The weather has officially turned nasty here in Chicago...gray skies, the wind is howling, and you start to get bummed out pretty easily because of it. So this morning as I was leaving computrainer and riding to work there is this super tiny trail (like mega tiny maybe .25 mile long) I've cut through it when I've run before, but never on my bike. I made a total spur of the moment decision took a right hand turn and bombed down into the trail. The problem was I carried quite a bit of speed onto the trail where there are a couple of wooden bridges over a small creek. The bridges have no railings...so when rubber meets wet wood something happens...you slide. Luckily for me I was able to keep the bike on the bridge and the rubber side down, but wow that was fun! It's amazing what a little 30 second stint in the woods on a bike can do for you. I always say how I need to get out onto my mountain bike more...and I really do. This might have to be a regular occurance now on Tuesday and Thursdays. It also got me out of the nasty head wind which I felt like I was riding hard yet going no where.
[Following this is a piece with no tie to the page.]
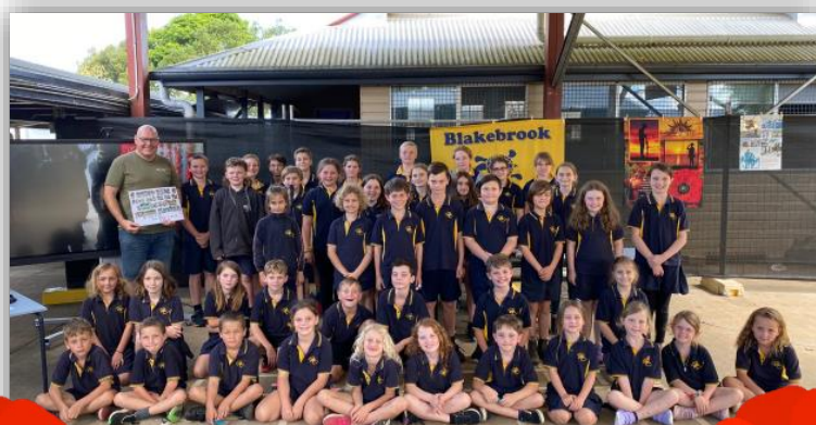
Remembrance Day Assembly with special guest Lismore Mayor Steve Krieg

Anyway, in two days we're kicking off the December Running Challenge. Chad and I have been doing this for a couple of years now, and it's a great way to stay active during a busy time of year...and a great way to throw down a decent base! I've included the challenge below...it's based off of time and you're on the honor system. If you need to switch days around...go for it, if you miss a day (which is discouraged) double up on another day. Enjoy!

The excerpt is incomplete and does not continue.